Bring the pipeline understanding into concrete action:

  1. Complete your GBP fully, every field, every category, current hours including special hours, at least 10 photos
  2. Implement LocalBusiness JSON-LD with geo, openingHoursSpecification, priceRange, areaServed, and sameAs
  3. Verify coordinate consistency, cross-check your schema coordinates against your GBP pin location
  4. Build your sameAs network, ensure consistent listings on Yelp, Facebook, Apple Maps, and relevant industry directories
  5. Fix NAP inconsistencies, audit every major platform and standardise formatting
  6. Maintain review recency, implement a post-purchase or post-visit review request

Use the free MapAtlas AEO Checker to audit your current structured data signals, then review the full AI Search Visibility solution to understand how MapAtlas connects your mapping infrastructure to your Gemini citation pipeline.
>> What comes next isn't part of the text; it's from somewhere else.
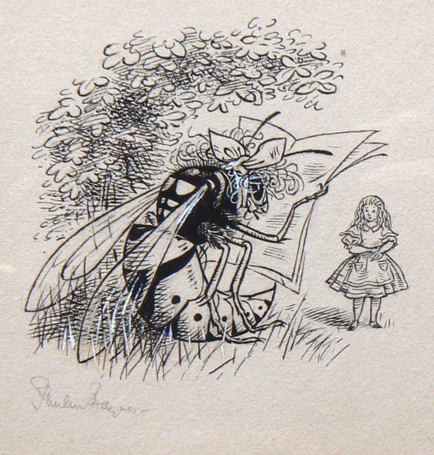 One of the best sites I found while looking into Baynes' life and work was Brian Sibley's blog, which includes something thrilling for a Lewis Carroll enthusiast like me. Pauline did a small line drawing for the "lost" chapter of Through the Looking-Glass and What Alice Found There. The chapter involves a wasp with a wig reading a newspaper, and Sir John Tenniel said he couldn't illustrate such a thing. The nerve! Sibley was a close personal friend of Baynes near the end of her life, so his blog post about her is really interesting.

The Map-Data Layer Most SEO Teams Miss

Traditional SEO tools can audit your title tags, your backlink profile, and your page speed. They cannot audit whether your geocoordinates in your schema match your GBP pin, whether your service area markup is correct, or whether your location data is consistent across mapping platforms. This is the gap MapAtlas is built to close, connecting the structured geodata that feeds Gemini's Knowledge Graph with the verification and monitoring tools businesses need to maintain it over time.

In a world where Gemini is increasingly the first point of contact between a consumer and a local business recommendation, that gap is not an SEO technicality. It is a revenue question.